Tuesday, January 17, 2012

SPEKULASI PROPERTI BIKIN KALANGAN BAWAH SULIT PUNYA RUMAH

2011-11-09 02:07:22
Direktur Eksekutif Indonesia Property Watch (IPW) Ali Tranghanda mengatakan aksi spekulasi semacam itu
tak bisa dihindari karena merupakan mekanisme pasar. Prinsip kalangan atas saat membeli rumah sebagai sarana investasi sedangkan kalangan bawah murni untuk ditempati.

"Itu tak bisa dihindari ada motif invetasi. Itu tak bisa dihindari yang bisa adalah di-warning hati-hati yaitu terjadi over value. Jadi kalau mekanisme pasar tidak bisa dihindari," katanya kepada detikFinance, Selasa (8/11/2011)

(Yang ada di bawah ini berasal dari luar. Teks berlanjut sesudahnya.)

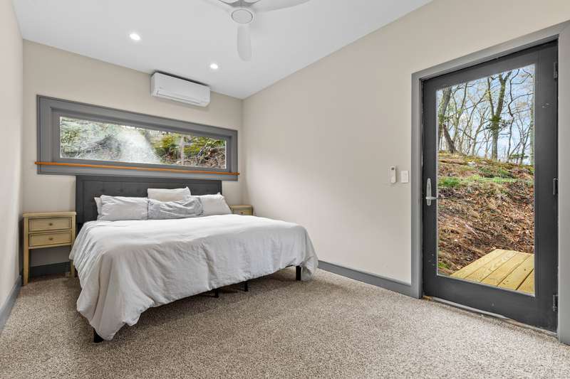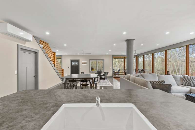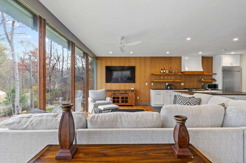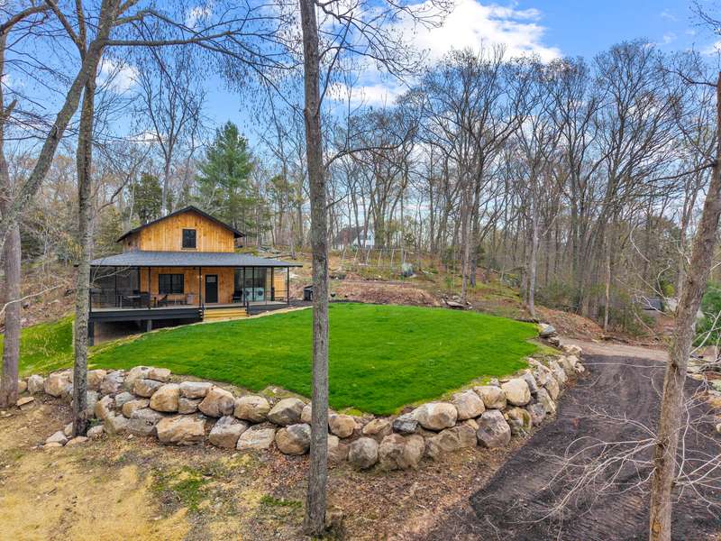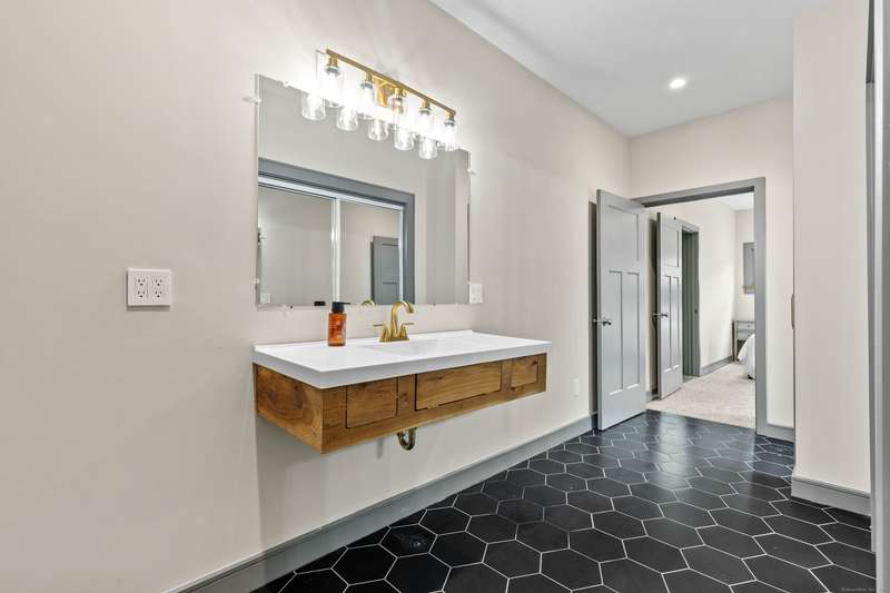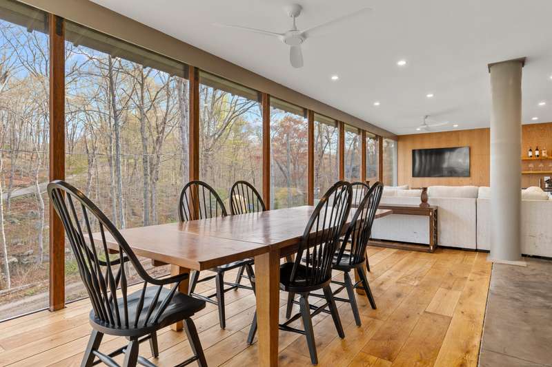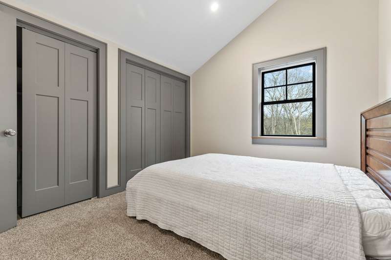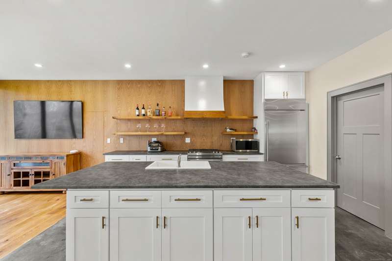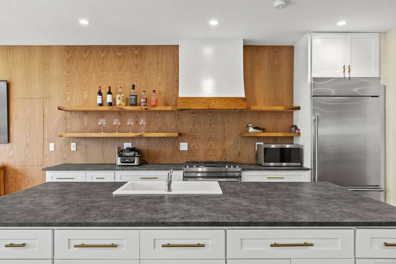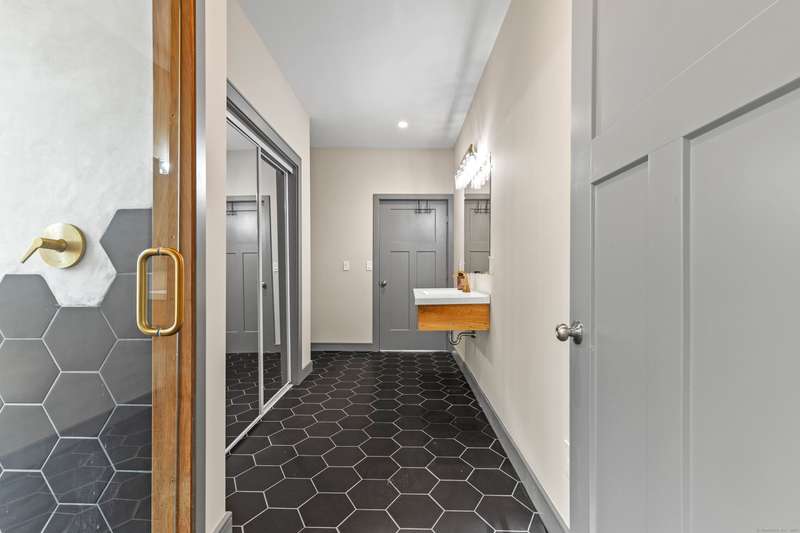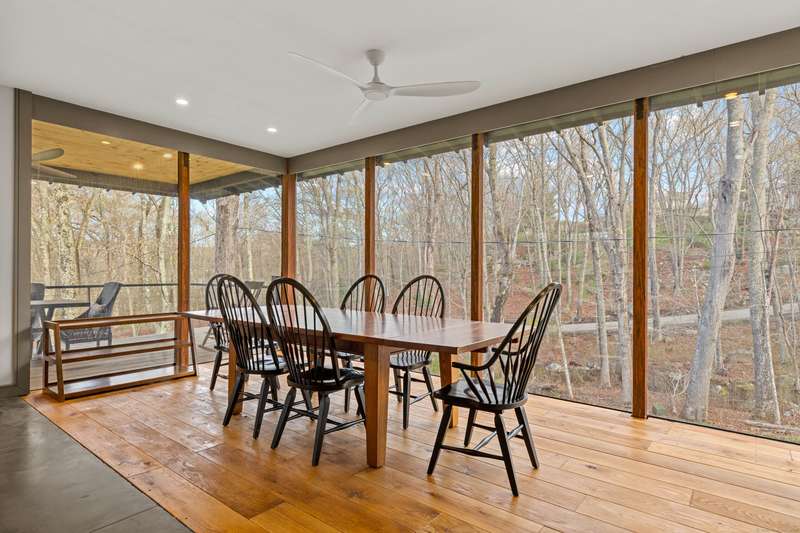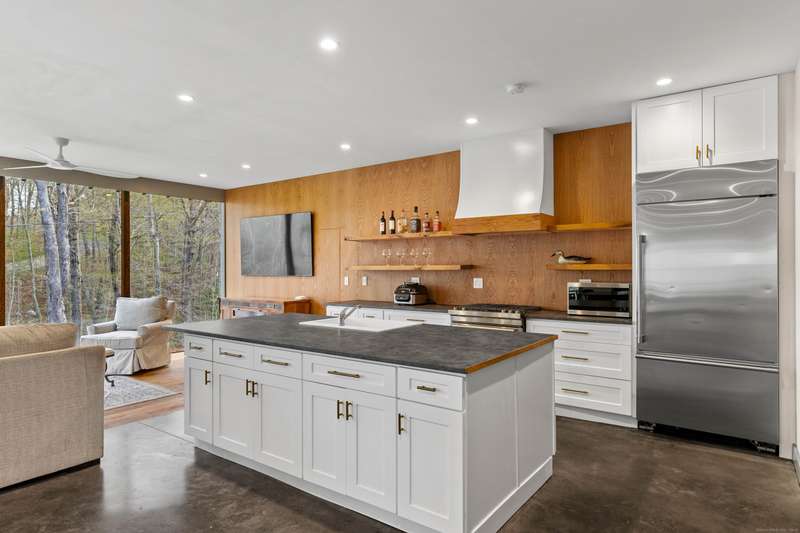 Set into the woods of Clinton, this 2,400 sq ft modern farmhouse is designed for the discerning, uninhibited buyer. With bold lines, glass walls, and a wide-open floor plan, it blurs the line between indoor and outdoor living. Inspired by Guilford's iconic Little Red Shack, the home celebrates transparency, minimalism, and architectural bravery. The main level features floor-to-ceiling glass, polished concrete floors, warm wood accents, and a sleek kitchen with floating shelves. The en suite primary bedroom is on the first floor and opens to the outdoors for a private retreat experience. Upstairs offers two more bedrooms, a stylish full bath, and a lofted second living area. Designer tile work, clean lines, and modern lighting complete the look. Just down the street are the Jesse Buell Woods, offering access to rugged hiking trails, perfect for adventurous buyers looking to connect with nature. This is not your average shoreline home-it's a livable work of art, nestled in the trees an

Menurutnya spekulasi semacam ini tak terlepas dari kemampuan kalangan menengah atas Indonesia yang sedang menanjak. Sarana investasi rumah dianggap paling menjanjikan saat ini.

"Tapi kalau mekanisme pasar dibiarkan gila-gilaan ini mendorong kawasan di sekitarnya ikut naik, padahal itu untuk kalangan bawah, maka harga rumah makin tak terjangkau,"katanya.

Ia mengusulkan agar pemerintah menyiapkan bank-bank tanah milik BUMN yang bisa diberikan untuk masyarakat menengah bawah. Ali mengingatkan jika semua dilepas melalui mekanisme pasar maka akan sulit. Saat ini saja di kawasan Tangerang dan sekitarnya sebanyak 78% lahan sudah dikuasai pengembang besar atau semacam ada oligopoli.

"BUMN-BUMN, harus dipaksa menyediakan bank tanah. Mereka banyak mempunyai tanah menganggur. Misalnya Bulog ada lahan 4-5 hektar di Kelapa Gading. Memang kadang-kadang BUMN nggak mau, karena asetnya hilang, harus dipaksa," katanya.

Sebelumnya Bank Indonesia (BI) mulai mengkhawatirkan pertumbuhan kredit sektor properti yang mulai tidak wajar. Bank sentral mulai melihat pengucuran kredit di sektor properti yang ternyata hanya digunakan untuk aksi spekulasi.

"Beberapa jenis properti terutama rumah mewah sudah banyak ini sebenarnya. Kita sudah melakukan survei ini," ungkap Direktur Direktorat Penelitian dan Pengaturan Perbankan Bank Indonesia Wimboh Santoso.

Menurut Wimboh, dari sisi potensi memang permintaan kredit di sektor properti cukup tinggi. Kredit properti tidak terlalu sensitif terhadap suku bunga.

"Properti ini, dari segi potensi memang demand-nya tinggi. Tanpa suku bunga pun dia akan selalu bertambah. Cuma penambahannya harus rasional, jangan sampai punya properti untuk spekulasi dan kita tidak akan batasi orang beli properti asal dipakai untuk kepentingan sendiri," jelasnya.

Wimboh menuturkan BI saat ini lebih mengkhawatirkan pertumbuhan kredit properti yang bersifat spekulasi saja karena dapat mendorong gelembung alias bubble.

"Yang kita khawatirkan untuk spekulasi yang mendorong bubble. Nah ukuran bagaimana tidak bubble kita sudah punya aturan itu. Betul nggak di sana, kan banyak rumah mewah yang tidak ditempati," katanya.